Unlike civilian refugees from Germany, who were kept in internment camps, Allied airmen were placed in hotels and bed and breakfast establishments in the Falun area, and enjoyed relative freedom. They received their regular military pay from their home countries, which allowed them to be much better off than the local Swedish residents.

==Disclosure==
In 2008, Swedish journalist Niclas Sennerteg and researcher Tobias Berglund published the book Swedish Concentration Camps in the Shadow of the Third Reich (Swedish title: Svenska koncentrationsläger i tredje rikets skugga), in which they expose what the government had kept secret regarding the presence of Swedish concentration camps. After the discovery was brought to media and thus public attention, the use of the term concentration camp has been highly debated.

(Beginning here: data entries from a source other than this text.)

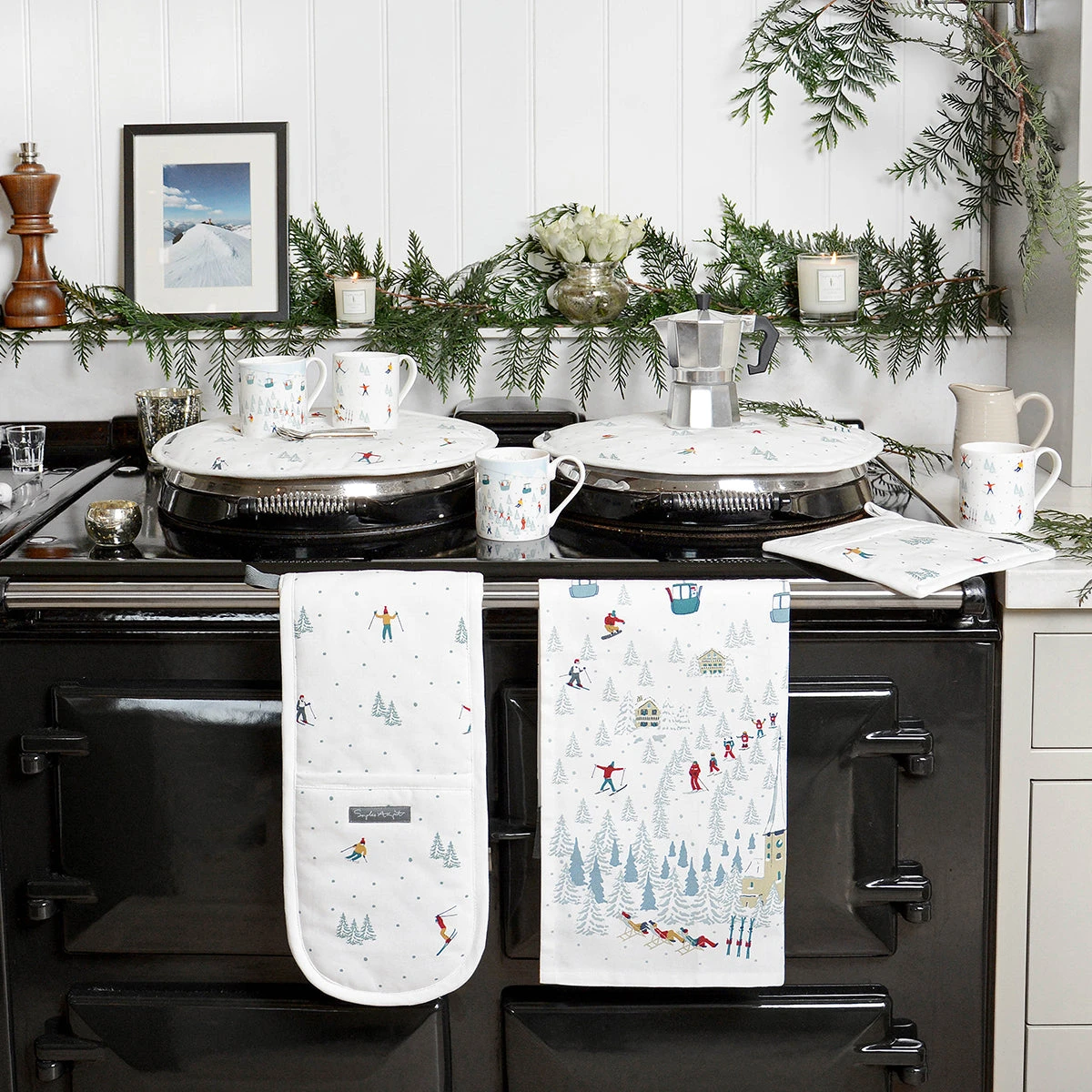 This set of 2 tea towels brings Alpine charm to your kitchen. One towel features a blissful mountain scene with skiers and snowboarders dodging snow-capped fir trees, while the other shows colourful skiers dotted along a snowy mountain. There is a handy ‘loop’ in the top left corner of each tea towel, so you can hang them up in your kitchen.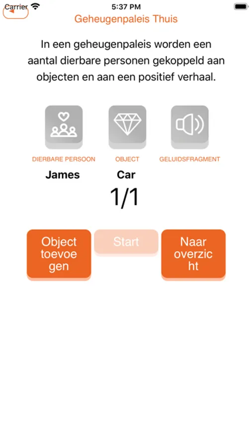 Using the MemoryHome app you can take people who are coping with Alzheimer’s or dementia on a walk through their familiar environment (their house, their nursing home etc.). While walking you invite them to tell positive stories about their loved ones, as you pass fixed objects on your trajectory to which these cherished persons are linked. The mobile app supports this process in a simple manner.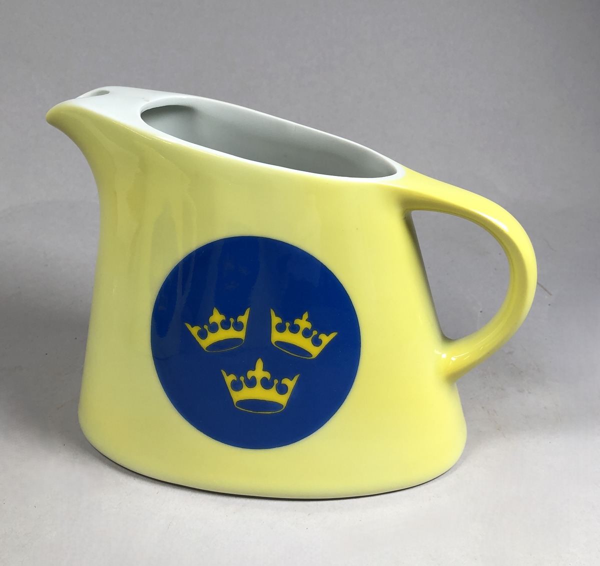 Mjölkkana av vitt porslin. Oval form med avsmalnad topp utformad som en fartygsskorsten. På utsidan försedd med gul glasyr och SAL:s emblem med tre kronor på en blå cirkel. I botten finns tillverkningsstämpel med bokstäverna K W C G inom en blå cirkel.
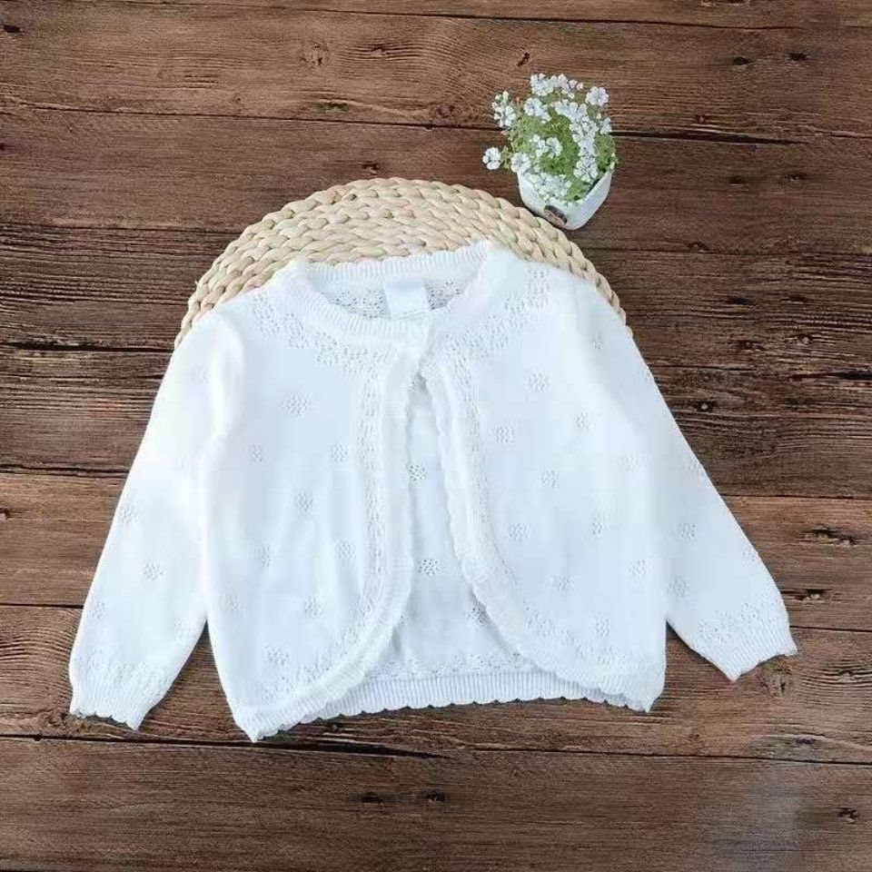 Girls Knitted Cardigan Cotton Hollow Small Shawl Baby Sweater Sunscreen Air-conditioning Shirt

==Post-war use of Swedish internment camps==
After the war the internment camps were used to store foreigners that the Swedish government deemed dubious. However, details regarding much of this have still not been uncovered.

==Quotes==
"Den svenska staten använder sig av brutala tvångs- och våldsmetoder för att eftertryckligt trampa ned den utländska antifascisten som likt en vrakspillra efter den tyska demokratins skeppsbrott kastats upp på svensk strand"

Translation:
"The Swedish government is using brutal methods to forcefully crush the foreign antifascists who like remnants after the shipwreck of the German democracy was washed upon Swedish shores."

"Det svenska folket får inte tolerera att oskyldiga människor kastas i fängelse och kvarhålles där på obestämd tid."

Translation:

"The Swedish people must not tolerate the imprisonment of innocent people for an undetermined time."